=== Given records ===

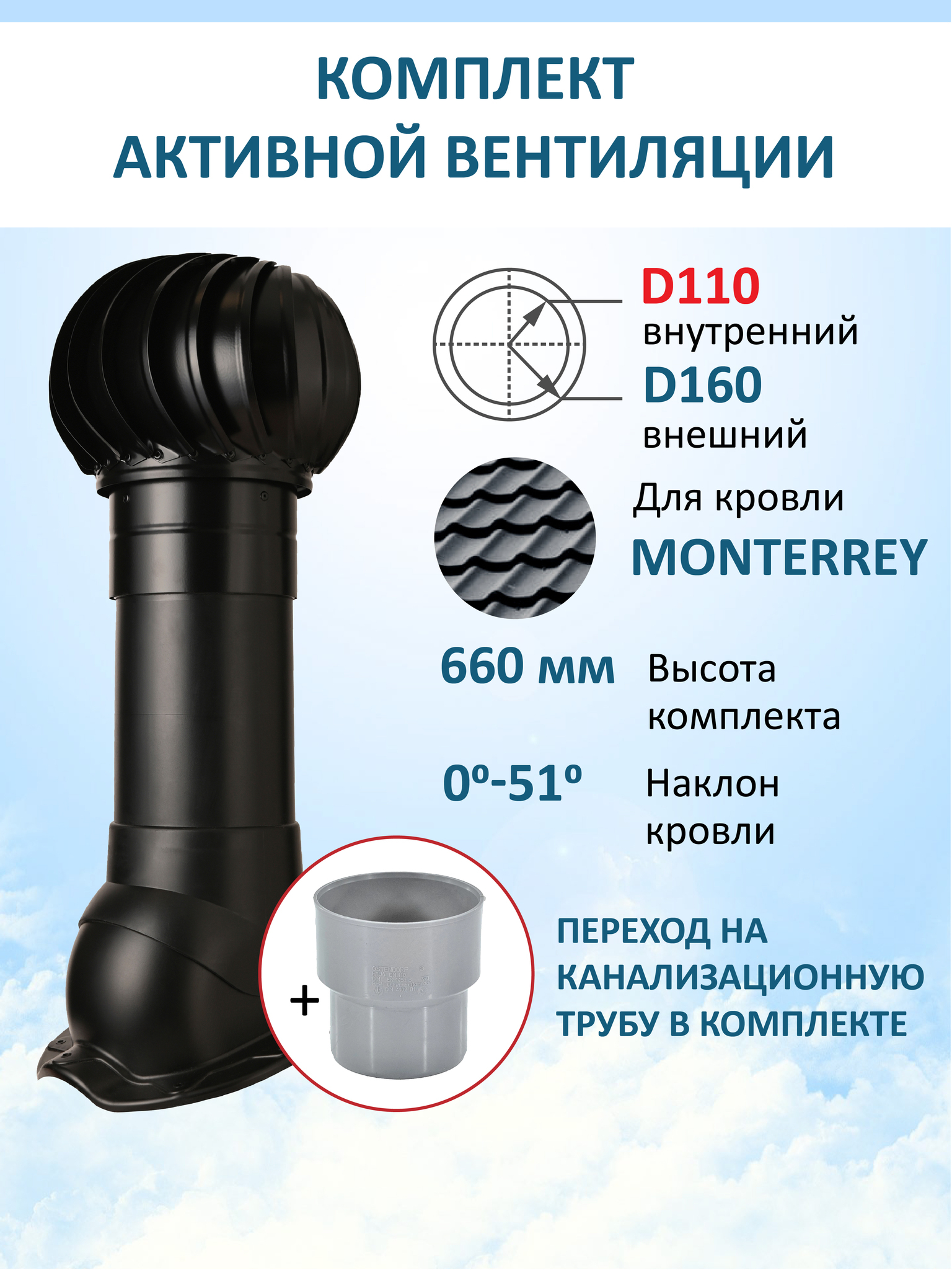 Комплект активной вентиляции: Турбодефлектор TD160, вент. выход утепленный высотой Н-500 с переходом D110, для металлочерепицы Monterrey - служит для увеличения тяги в вентиляционном канале частного или многоквартирного дома, в погребе, гараже, курятнике, коровнике, конюшне, предбаннике, в парилке бани, внешней вентиляции септика и складских помещениях.
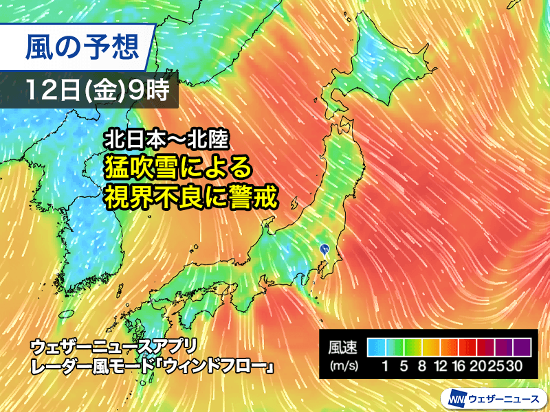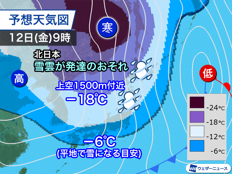 12日(金)は強力寒気が南下 北日本中心に強い雪や吹雪警戒
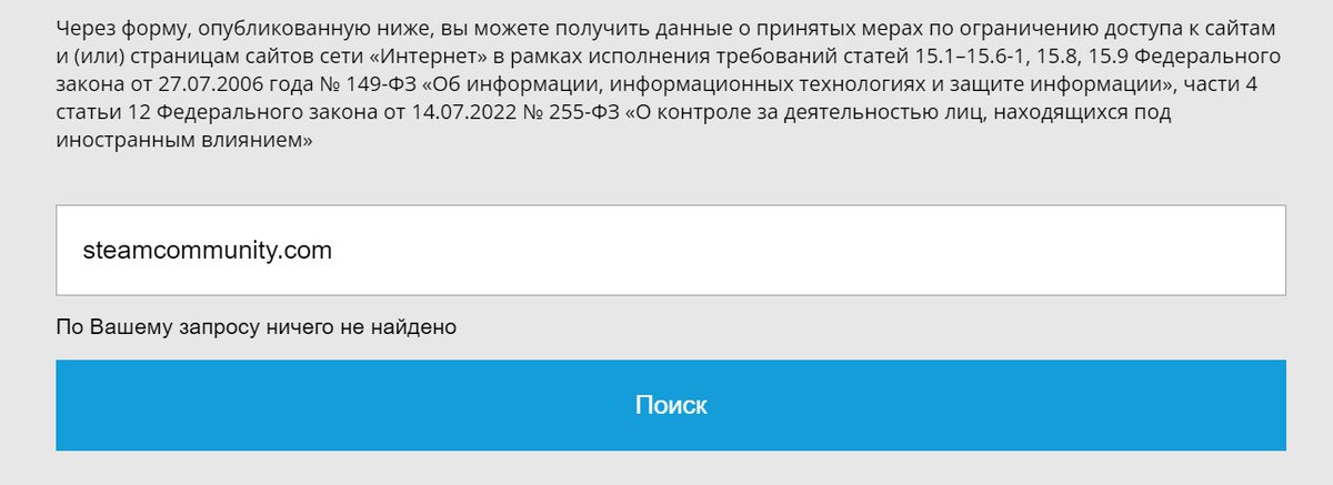 В то же время домен steamcommunity.com пока отсутствует в базе универсального сервиса Роскомнадзора, с помощью которого можно проверить блокировку ресурсов на территории России.
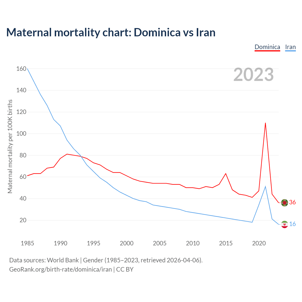 The maternal mortality rate, which is the probability of dying during childbirth or within 42 days of pregnancy termination, is 36 deaths per 100,000 live births in Dominica, compared to 16 deaths in Iran.
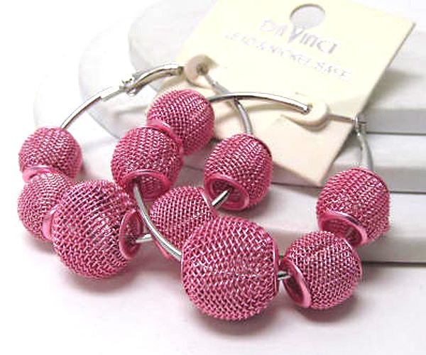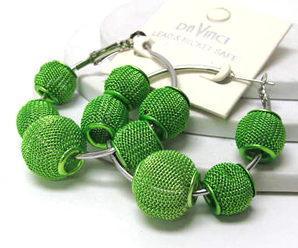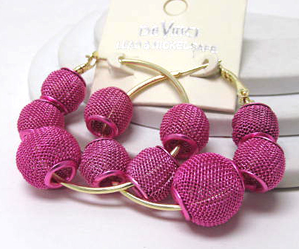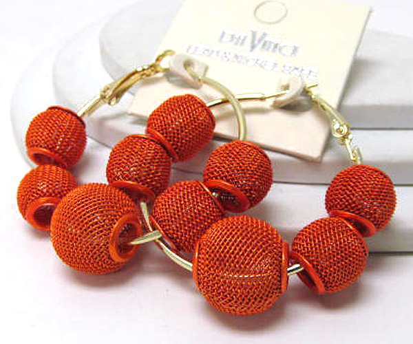 WHOLESALE SMALL HOOP COLORED METAL MESH BALL BASKETBALL WIVES INSPIRED EARRING - HOOPS 377486
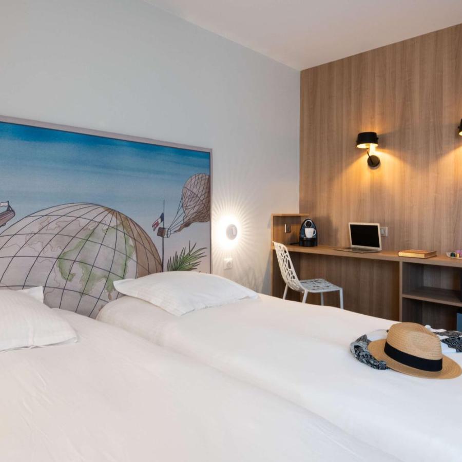 Im Herzen von Biarritz verkörpert das Hôtel Jules Verne ein Erlebnis, bei dem Gastfreundschaft auf Fantasie trifft. Dieses Vier-Sterne-Hotel, das 2021 komplett renoviert wurde, ist eine lebendige Hommage an den berühmten Schriftsteller der Außergewöhnlichen Reisen. Mit seiner sorgfältigen Dekoration, inspiriert von den Erzählungen von Jules Verne, entführt es seine Gäste in eine Welt, in der jedes Detail das Meer, wissenschaftliche Erkundungen und faszinierende Landschaften evoziert. Die 77 Zimmer des Hotels, verteilt auf drei Etagen, sind eine wahre Hommage an die Meisterwerke des Autors. Jeder Raum erzählt eine Geschichte, von den maritimen Erzählungen aus Zwanzigtausend Meilen unter dem Meer bis zu den Luftabenteuern aus Fünf Wochen im Ballon. Die Kopfenden der Betten, die bullaugenförmigen Spiegel und die hier und da angebrachten Zitate schaffen eine einzigartige Atmosphäre, perfekt zum Entfliehen.
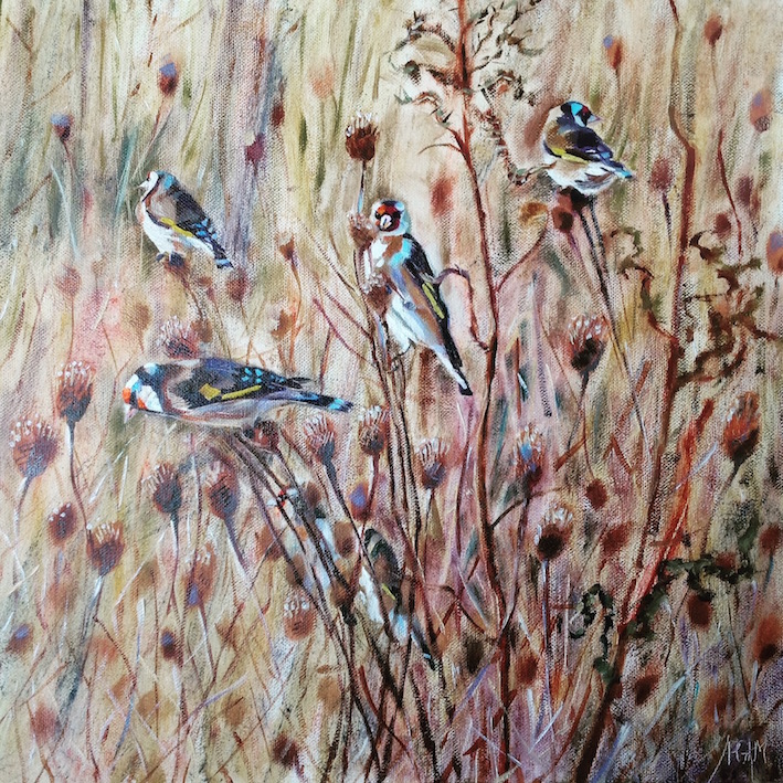 New work: Goldfinches April 9, 2017April 24, 2017 | philippamitchellartist Goldfinches, oil on canvas, 40 x 40cm. I have added some images of my new work onto the various gallery pages of this website if you would like to take a look.
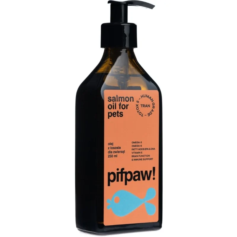 Olej z łososia Pifpaw dostarcza kwasów Omega-3, które mogą wspierać układ odpornościowy psów i kotów. Dzięki temu Twój czworonożny przyjaciel może lepiej radzić sobie z codziennymi wyzwaniami, od zabaw na dworze po potyczki ze zwierzętami sąsiadów. To naturalny sposób na utrzymanie witalności i energii Twojego pupila.
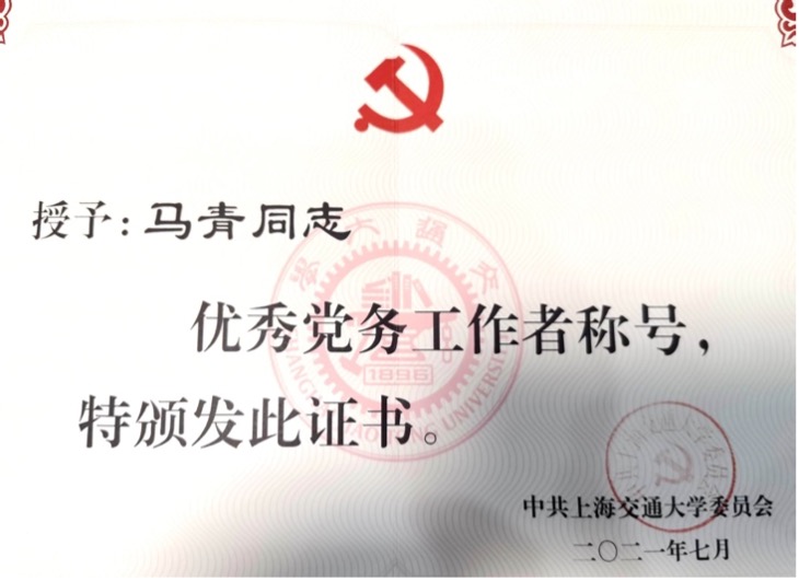 2021年,支部党员马青荣获太阳集团tcy8722的官方网站优秀党务工作者称号
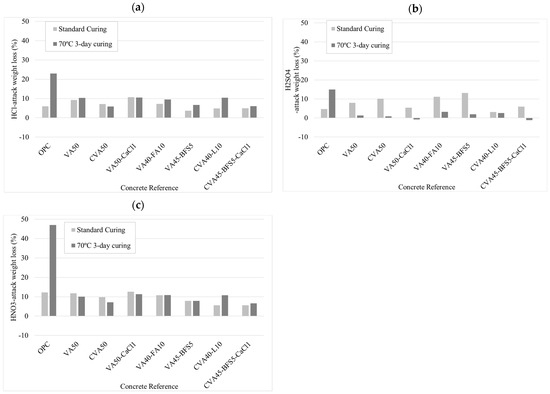 - The VA mortar achieved the lowest resistance to HNO3 attack, with up to 10% weight loss reduction, regardless of the curing method applied. The mixed activation mortar (CVA45-BFS5-CaCl1) demonstrated superior acid resistance under both curing conditions compared to other activation strategies. Furthermore, thermal curing enabled all mortars to achieve greater resistance than OPC mortar against all three acids studied, irrespective of the acid immersion.
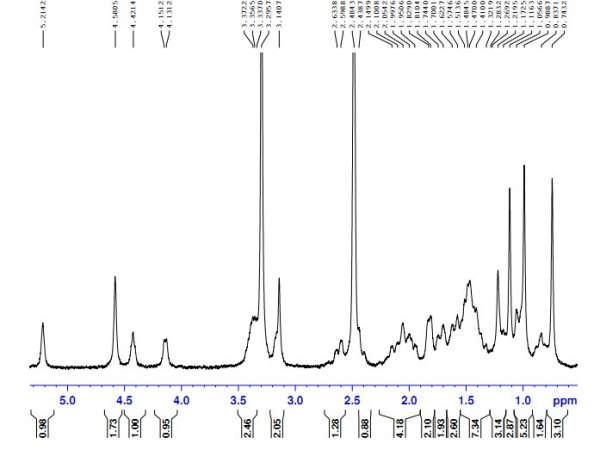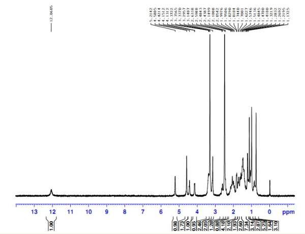 你这个化合物应该是个胆甾吧,你积分积得都不对,建议你去下载几篇甾体的文献对照看一看,先把骨架的核磁信息了解一下
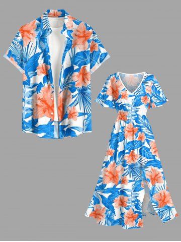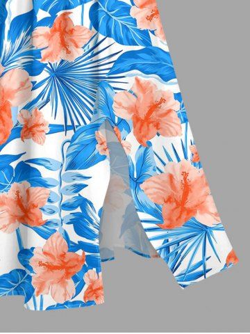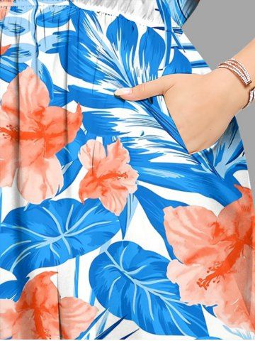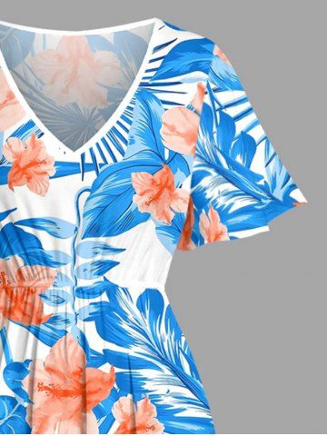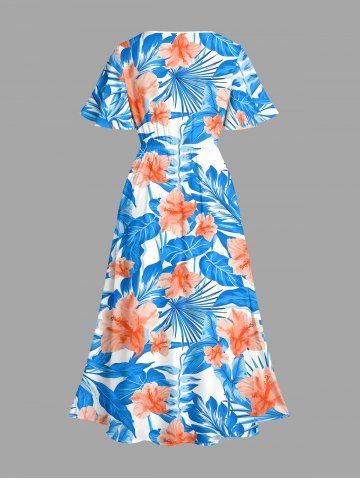 Robe midi hawaïenne à imprimé feuilles et fleurs d'hibiscus grande taille, cache-cœur - Bleu Ciel - Bleu Ciel

===

# Aim of the exercise
Only the pictures are to be left out; restate everything else in the listing word for word.

# Response to this exercise
 Комплект активной вентиляции: Турбодефлектор TD160, вент. выход утепленный высотой Н-500 с переходом D110, для металлочерепицы Monterrey - служит для увеличения тяги в вентиляционном канале частного или многоквартирного дома, в погребе, гараже, курятнике, коровнике, конюшне, предбаннике, в парилке бани, внешней вентиляции септика и складских помещениях.
 12日(金)は強力寒気が南下 北日本中心に強い雪や吹雪警戒
 В то же время домен steamcommunity.com пока отсутствует в базе универсального сервиса Роскомнадзора, с помощью которого можно проверить блокировку ресурсов на территории России.
 The maternal mortality rate, which is the probability of dying during childbirth or within 42 days of pregnancy termination, is 36 deaths per 100,000 live births in Dominica, compared to 16 deaths in Iran.
 WHOLESALE SMALL HOOP COLORED METAL MESH BALL BASKETBALL WIVES INSPIRED EARRING - HOOPS 377486
 Im Herzen von Biarritz verkörpert das Hôtel Jules Verne ein Erlebnis, bei dem Gastfreundschaft auf Fantasie trifft. Dieses Vier-Sterne-Hotel, das 2021 komplett renoviert wurde, ist eine lebendige Hommage an den berühmten Schriftsteller der Außergewöhnlichen Reisen. Mit seiner sorgfältigen Dekoration, inspiriert von den Erzählungen von Jules Verne, entführt es seine Gäste in eine Welt, in der jedes Detail das Meer, wissenschaftliche Erkundungen und faszinierende Landschaften evoziert. Die 77 Zimmer des Hotels, verteilt auf drei Etagen, sind eine wahre Hommage an die Meisterwerke des Autors. Jeder Raum erzählt eine Geschichte, von den maritimen Erzählungen aus Zwanzigtausend Meilen unter dem Meer bis zu den Luftabenteuern aus Fünf Wochen im Ballon. Die Kopfenden der Betten, die bullaugenförmigen Spiegel und die hier und da angebrachten Zitate schaffen eine einzigartige Atmosphäre, perfekt zum Entfliehen.
 New work: Goldfinches April 9, 2017April 24, 2017 | philippamitchellartist Goldfinches, oil on canvas, 40 x 40cm. I have added some images of my new work onto the various gallery pages of this website if you would like to take a look.
 Olej z łososia Pifpaw dostarcza kwasów Omega-3, które mogą wspierać układ odpornościowy psów i kotów. Dzięki temu Twój czworonożny przyjaciel może lepiej radzić sobie z codziennymi wyzwaniami, od zabaw na dworze po potyczki ze zwierzętami sąsiadów. To naturalny sposób na utrzymanie witalności i energii Twojego pupila.
 2021年,支部党员马青荣获太阳集团tcy8722的官方网站优秀党务工作者称号
 - The VA mortar achieved the lowest resistance to HNO3 attack, with up to 10% weight loss reduction, regardless of the curing method applied. The mixed activation mortar (CVA45-BFS5-CaCl1) demonstrated superior acid resistance under both curing conditions compared to other activation strategies. Furthermore, thermal curing enabled all mortars to achieve greater resistance than OPC mortar against all three acids studied, irrespective of the acid immersion.
 你这个化合物应该是个胆甾吧,你积分积得都不对,建议你去下载几篇甾体的文献对照看一看,先把骨架的核磁信息了解一下
 Robe midi hawaïenne à imprimé feuilles et fleurs d'hibiscus grande taille, cache-cœur - Bleu Ciel - Bleu Ciel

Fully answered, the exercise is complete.